> [What you should do]: From the line containing "А как ты думаешь, о" to the last line of the listing, transcribe exactly and add nothing else; keep both ends and omit pictures.

> [Exercise data]:

▼

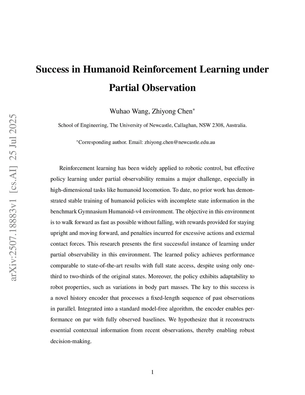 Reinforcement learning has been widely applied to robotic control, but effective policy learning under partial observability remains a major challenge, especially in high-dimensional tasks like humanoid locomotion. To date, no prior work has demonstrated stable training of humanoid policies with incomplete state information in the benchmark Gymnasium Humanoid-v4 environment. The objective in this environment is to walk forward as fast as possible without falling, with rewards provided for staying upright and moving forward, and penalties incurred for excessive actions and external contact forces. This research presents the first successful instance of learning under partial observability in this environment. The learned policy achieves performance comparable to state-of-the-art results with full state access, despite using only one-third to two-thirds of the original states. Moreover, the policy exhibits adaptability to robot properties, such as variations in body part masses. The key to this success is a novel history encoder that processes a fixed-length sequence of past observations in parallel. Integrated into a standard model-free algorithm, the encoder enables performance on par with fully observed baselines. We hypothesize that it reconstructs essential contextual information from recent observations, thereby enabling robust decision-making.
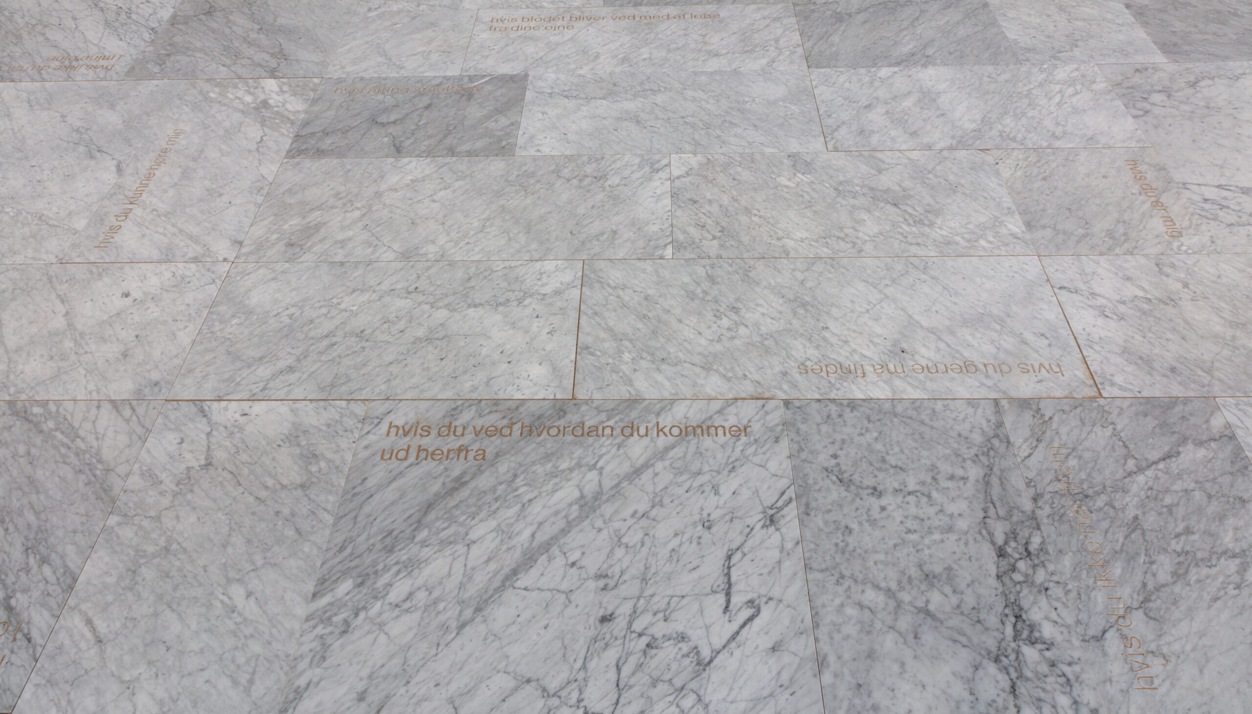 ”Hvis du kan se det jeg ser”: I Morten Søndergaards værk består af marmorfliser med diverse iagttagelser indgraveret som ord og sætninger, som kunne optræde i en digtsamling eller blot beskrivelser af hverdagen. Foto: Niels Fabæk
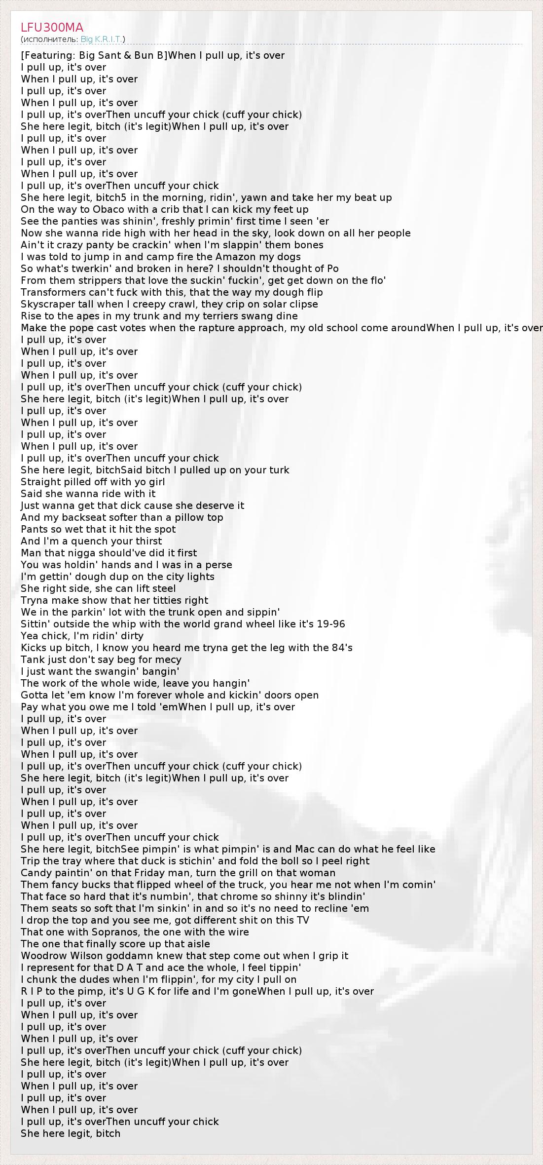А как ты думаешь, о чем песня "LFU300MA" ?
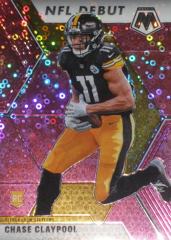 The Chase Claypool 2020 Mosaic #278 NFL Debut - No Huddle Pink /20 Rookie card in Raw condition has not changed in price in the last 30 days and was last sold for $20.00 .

▲

> [Output for this exercise]:
А как ты думаешь, о чем песня "LFU300MA" ?
 The Chase Claypool 2020 Mosaic #278 NFL Debut - No Huddle Pink /20 Rookie card in Raw condition has not changed in price in the last 30 days and was last sold for $20.00 .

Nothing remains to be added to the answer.